# Coelogyne pandurata



## Greenpaph (Jun 29, 2008)

Does anyone grow and flower this? 
I know it is considered in the warm growing of the Coelogyne groupings. Does it require an extended dry period at all?


----------



## Roy (Jun 29, 2008)

The best plants I have seen of this plant are growing in Intermediate to warm conditions, light somewhere between Maudiae & complex and growing in shallow wooden slat baskets ( like Vandas ) with a coarse bark & charcoal mix.
They like 60% + humidity and lots of water & food when you see growths starting. Must be kept moist when not in growth. As with the basket culture they like being hung up. They will grow successfully in pots but large soucers are better with the coarse mix. They will grow on the bench with other plants but must have plenty of space and air movement around them. They will, under good conditions, outgrow their container in a very short time.


----------



## Rick (Jun 29, 2008)

There is a little old German lady in our society that is a Coelogyne nut. She has 5 green houses running down in Shelbyville, TN

She has pandurata out the ying-yang as they say. I know some are still in pots (she swears by clay pots for just about everything), but lots of the plants have gotten so big that the pots are broken. Sometimes she just slips them into bigger pots with more mix and lets them go another round. Sometimes she just lets them grow into the benches and throws cypress mulch on the exposed roots.

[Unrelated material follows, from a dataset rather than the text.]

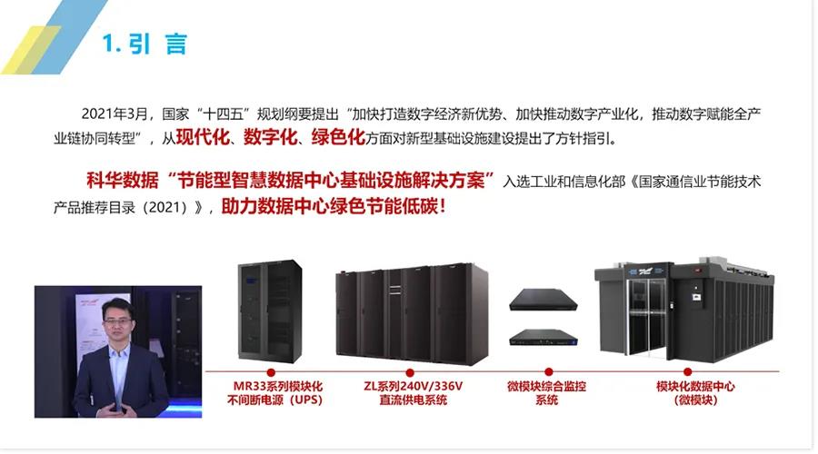 此外,在《通信业节能技术产品推荐目录(2021)》的发布会现场,科华数据数据中心产品总监林艺成分享我们在数据中心领域的相关科技研究成果。他指出,在双碳目标下,科华数据为节能型数据中心定制出一系列解决方案。科华数据入选的四款数据中心智慧节能产品,可有效降低数据中心PUE、减少数据中心供电损耗与污染、提升数据中心电源系统效率。

She rarely fertilizes, but her local water supply probably has some N and P in it.

She's been known to pinch the nickel so hard it cried. So winter temps will get down in the low 50's in most of her GH's and high 80's low 90's in the summer.


----------



## paphioboy (Jun 30, 2008)

I have pandurata but have not managed to rebloom it at all..  



> light somewhere between Maudiae & complex



I'm not sure but I do not think that pandurata takes so little light. A grower I know told me that in the wild, pandurata is a light hog, which is why it keeps growing up and up a tree trunk and sending those widely-spaced pbulbs on its rhizome.. 



> They will grow on the bench with other plants but must have plenty of space and air movement around them.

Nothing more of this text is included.